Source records
——————————

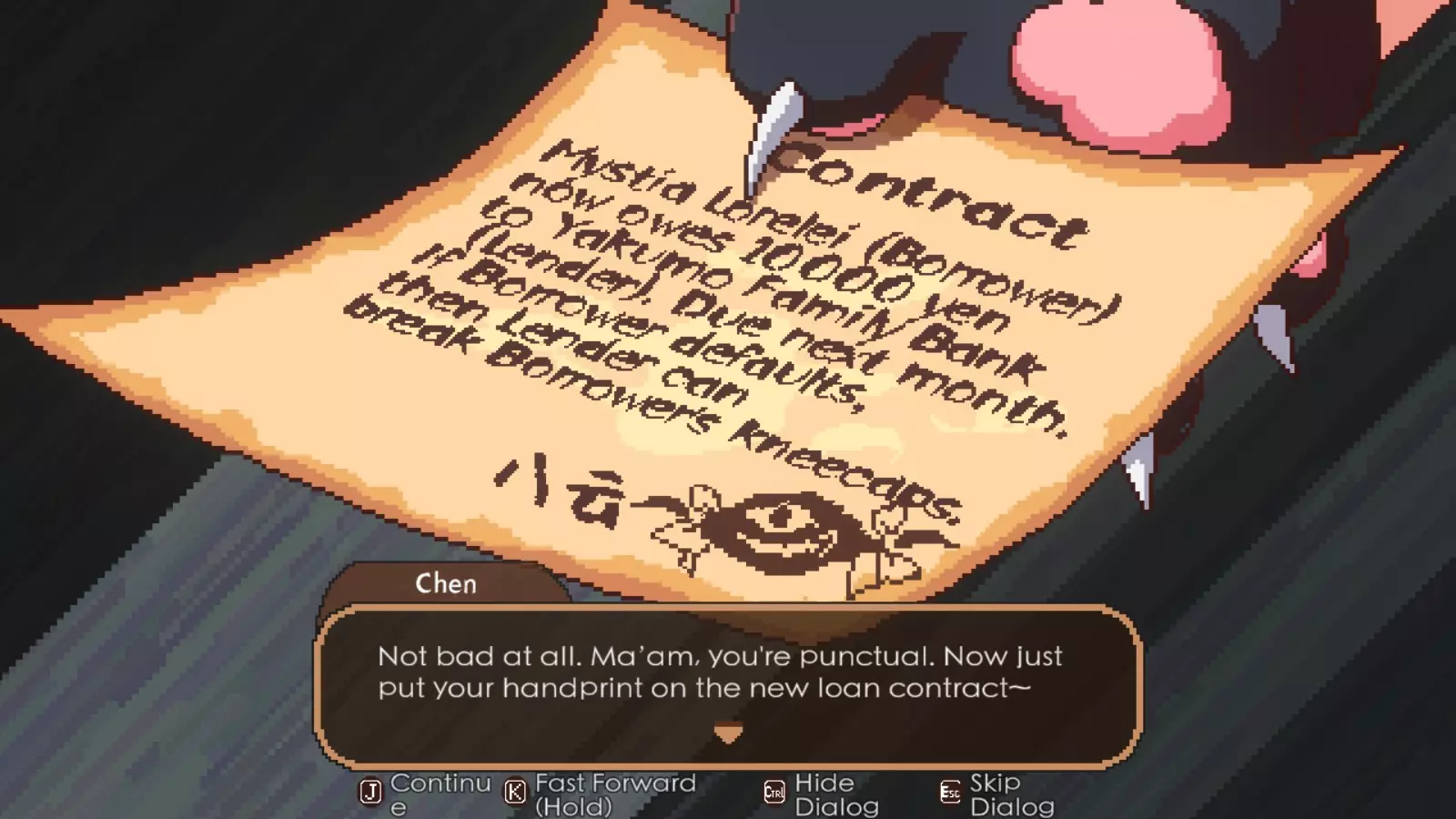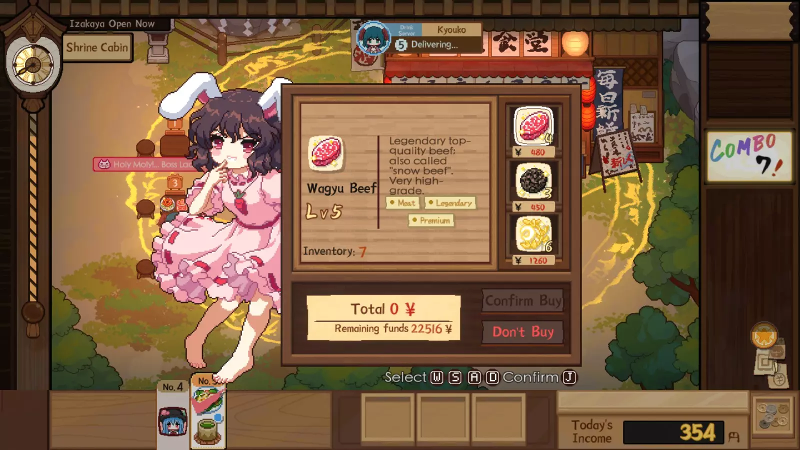最难遇到的稀有客人终于开始出现了。可能会让人困惑,为什么米斯蒂娅会抱怨帝的出现,但后者可能根本不会露面。不过,帝的独特机制是她有30%的几率出现在你的任何一家居酒屋。当她用餐完毕,会立即拿出一份购买清单,上面的稀有食材价格高得离谱。如果你拒绝购买任何东西,她会重置你的连击数,并在30秒内阻止你获得新的连击,这对你的利润和小费来说是个彻头彻尾的损害。你可以通过多种方法来防止这种情况发生。第一种是让灵梦通过捐赠或在为她服务时获得最高满意度评价来触发她的奖励符卡,以此来阻挡帝的惩罚符卡。第二种方法是触发无限耐心或超级模式增益来拖延帝,前提是她处于就座状态,直到她成为最后一位客人,这样就能防止帝造成任何伤害,直到最后你反正也没有客人了。
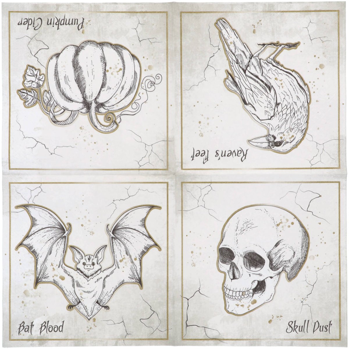 Til uhyggelige kuriositeter. Servietter - Creepy Curiosities - 33 x33 cm - 20 stk. Indhold: 20 servietter (3-lags) Kan f.eks. bruges til følgende fester/anledninger: Halloween, temafest. Lidt skræmmende og også meget smukke. Papirservietter i 4 forskellige designs: kranium med teksten "Skull Dust", flagermus med teksten "Bat blood", ravn med teksten "Raven's Feet", græskar med teksten "Pumpkin Cider". Alt sammen i en tegnet stil med smukke detaljer. Denne vare er lavet af papir.
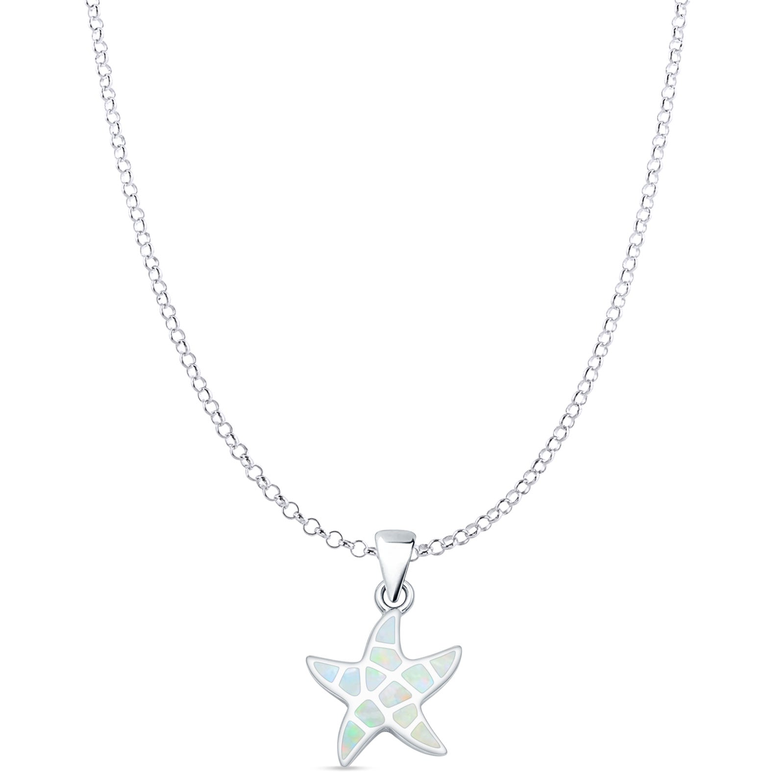 Style: Lab Created White Opal Starfish Pendant Necklace
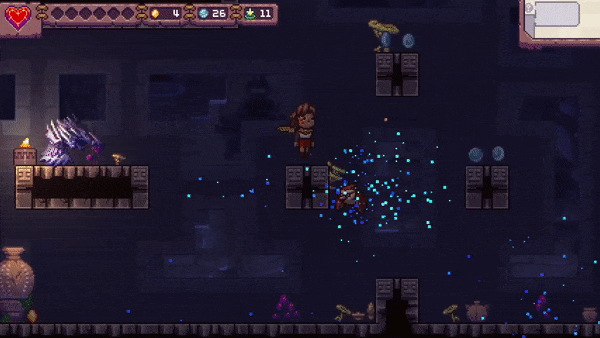 Aiming Quill and Fia utilize a multi-directional aim. However, their range to throw Koji/Kusako respectively is limited without the proper runestone! Players can take advantage of this directional aim to hit enemies beyond narrow pathways, traveling midair by hitting enemy to enemy, or to get a good angle to eliminate multiple enemies at once.
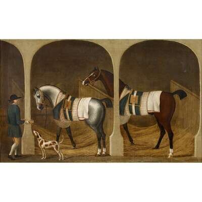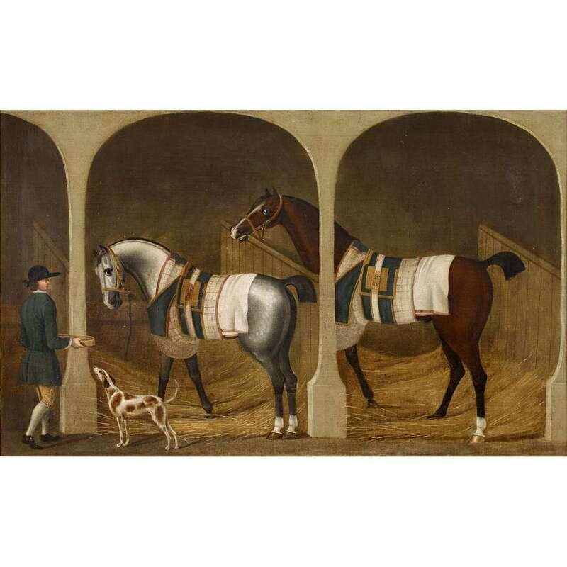 CIRCLE OF JAMES SEYMOUR (BRITISH 1702-1752) RACEHORSES IN A STABLE
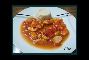 -8 solomillos de pollo troceados-1 pimiento rojo -1 cebolla-3 tomates maduros-3 dientes de ajo-Aceite de oliva-1 hoja de laurel-Sal-Pimienta
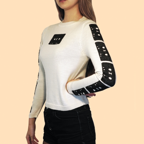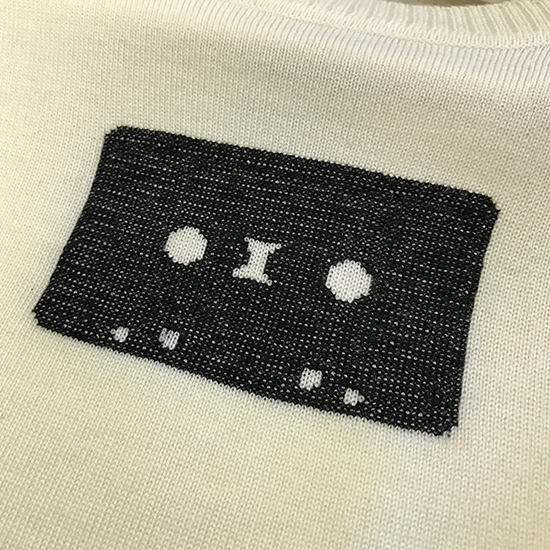SINZのニットウェアのデザイン基本は「音ノリ」です。懐かしいカセットテープをモチーフにした春物ニットウェアです。

——————————

» **What is being asked**
Transcribe every record above exactly, leaving out the pictures.

» **Result of this task**
最难遇到的稀有客人终于开始出现了。可能会让人困惑,为什么米斯蒂娅会抱怨帝的出现,但后者可能根本不会露面。不过,帝的独特机制是她有30%的几率出现在你的任何一家居酒屋。当她用餐完毕,会立即拿出一份购买清单,上面的稀有食材价格高得离谱。如果你拒绝购买任何东西,她会重置你的连击数,并在30秒内阻止你获得新的连击,这对你的利润和小费来说是个彻头彻尾的损害。你可以通过多种方法来防止这种情况发生。第一种是让灵梦通过捐赠或在为她服务时获得最高满意度评价来触发她的奖励符卡,以此来阻挡帝的惩罚符卡。第二种方法是触发无限耐心或超级模式增益来拖延帝,前提是她处于就座状态,直到她成为最后一位客人,这样就能防止帝造成任何伤害,直到最后你反正也没有客人了。
 Til uhyggelige kuriositeter. Servietter - Creepy Curiosities - 33 x33 cm - 20 stk. Indhold: 20 servietter (3-lags) Kan f.eks. bruges til følgende fester/anledninger: Halloween, temafest. Lidt skræmmende og også meget smukke. Papirservietter i 4 forskellige designs: kranium med teksten "Skull Dust", flagermus med teksten "Bat blood", ravn med teksten "Raven's Feet", græskar med teksten "Pumpkin Cider". Alt sammen i en tegnet stil med smukke detaljer. Denne vare er lavet af papir.
 Style: Lab Created White Opal Starfish Pendant Necklace
 Aiming Quill and Fia utilize a multi-directional aim. However, their range to throw Koji/Kusako respectively is limited without the proper runestone! Players can take advantage of this directional aim to hit enemies beyond narrow pathways, traveling midair by hitting enemy to enemy, or to get a good angle to eliminate multiple enemies at once.
 CIRCLE OF JAMES SEYMOUR (BRITISH 1702-1752) RACEHORSES IN A STABLE
 -8 solomillos de pollo troceados-1 pimiento rojo -1 cebolla-3 tomates maduros-3 dientes de ajo-Aceite de oliva-1 hoja de laurel-Sal-Pimienta
SINZのニットウェアのデザイン基本は「音ノリ」です。懐かしいカセットテープをモチーフにした春物ニットウェアです。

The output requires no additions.